==== Information supplied ====

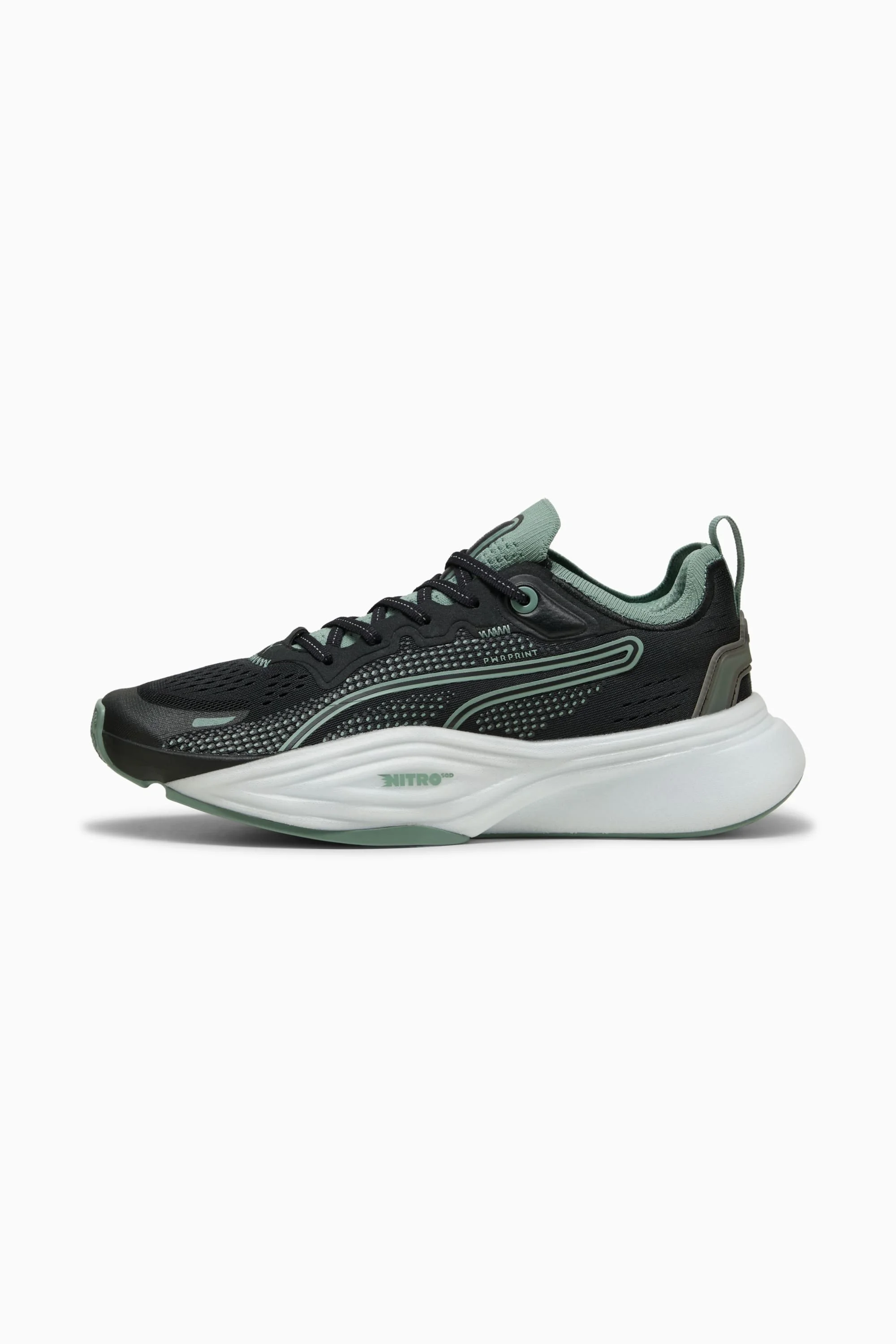 PRODUCT STORY Train hard and push your limits in the PWR NITRO™ SQD 2. NITRO™ SQD technology gives explosive energy and all-around support. PUMAGRIP traction grips any surface. Unlock peak performance and smash through plateaus. These training shoes unleash your power. FEATURES & BENEFITS - The upper of the shoes is made with at least 20% recycled materials - NITRO™ SQD: Innovative dual density NITRO™ SQD midsole combines best in-class cushioning and rebound with all around support – ideal for quick first step and explosive take-off - PUMAGRIP: Durable performance rubber compound designed for all-surface traction DETAILS - Style: 310150_08 - Color: PUMA Black-Green Moon - Regular fit - Engineered mesh upper - Heel support system - Lace closure - PUMA branding details MATERIAL INFORMATION - Midsole: 100% Synthetic - Sockliner: 100% Textile - Outsole: 100% Rubber - Upper: 61% Textile, 39% Synthetic - Lining: 100% Textile
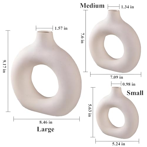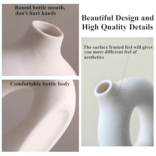 - The distinctive donut-shaped design with gaps in the middle enhances the luxury of the set, and makes it an innovative piece of art combining simplicity and complexity, allowing you to see the flowers clearly and spectacularly, which gives the place life and a touch of sophistication. The frequent use of these vases reflects artistic taste and attention to detail, and makes them suitable for decorating living rooms, salons, or even offices, to give an atmosphere of calm and contemplative beauty.
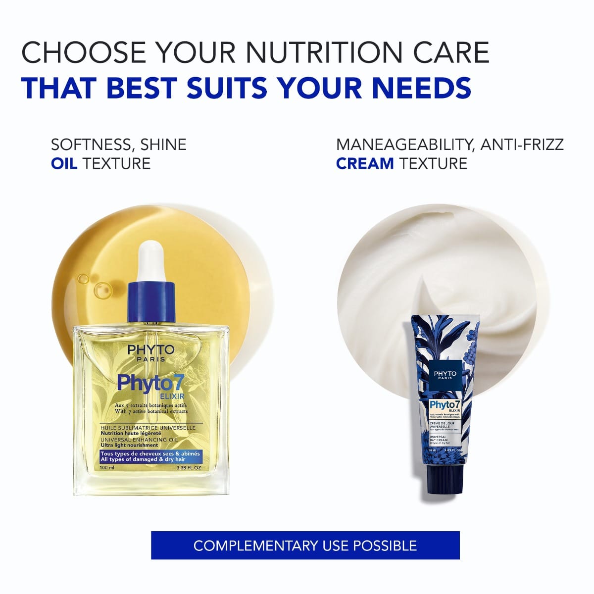 La crema universale adatta a tutti i tipi di capelli secchi che li trasforma istantaneamente rendendoli morbidi e setosi. La sua texture fondente dal profumo irresistibile nutre intensamente senza appesantire, disciplina e garantisce 48 ore* di protezione anti-crespo. Una formula multiuso per lunghezze e punte arricchita con 7 estratti botanici attivi: malva bianca, calendula, rosmarino, salvia, bardana, soia, salice. Ideale prima dello styling per proteggere dalla secchezza o come touch finale, senza risciacquo.
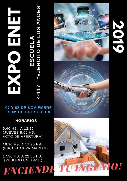 Durante el jueves 7 y viernes 8 de noviembre, en el Salón de Usos Múltiples de la escuela 4-117 “Ejército de Los Andes”,de San Rafael, se realizó la XXVI edición de la EXPO ENET, muestra en la cual los estudiantes de 6º año expusieron, ante alumnos de escuelas primarias y público en general, 23 proyectos innovadores: 19 trabajos de Electromecánica y cuatro de Construcciones.

====

**Exercise**
Retype verbatim only the lines beginning with the line that contains "La crema universale" and ending with the last line of the listing above; pictures are to be excluded.

**Answer section**
 La crema universale adatta a tutti i tipi di capelli secchi che li trasforma istantaneamente rendendoli morbidi e setosi. La sua texture fondente dal profumo irresistibile nutre intensamente senza appesantire, disciplina e garantisce 48 ore* di protezione anti-crespo. Una formula multiuso per lunghezze e punte arricchita con 7 estratti botanici attivi: malva bianca, calendula, rosmarino, salvia, bardana, soia, salice. Ideale prima dello styling per proteggere dalla secchezza o come touch finale, senza risciacquo.
 Durante el jueves 7 y viernes 8 de noviembre, en el Salón de Usos Múltiples de la escuela 4-117 “Ejército de Los Andes”,de San Rafael, se realizó la XXVI edición de la EXPO ENET, muestra en la cual los estudiantes de 6º año expusieron, ante alumnos de escuelas primarias y público en general, 23 proyectos innovadores: 19 trabajos de Electromecánica y cuatro de Construcciones.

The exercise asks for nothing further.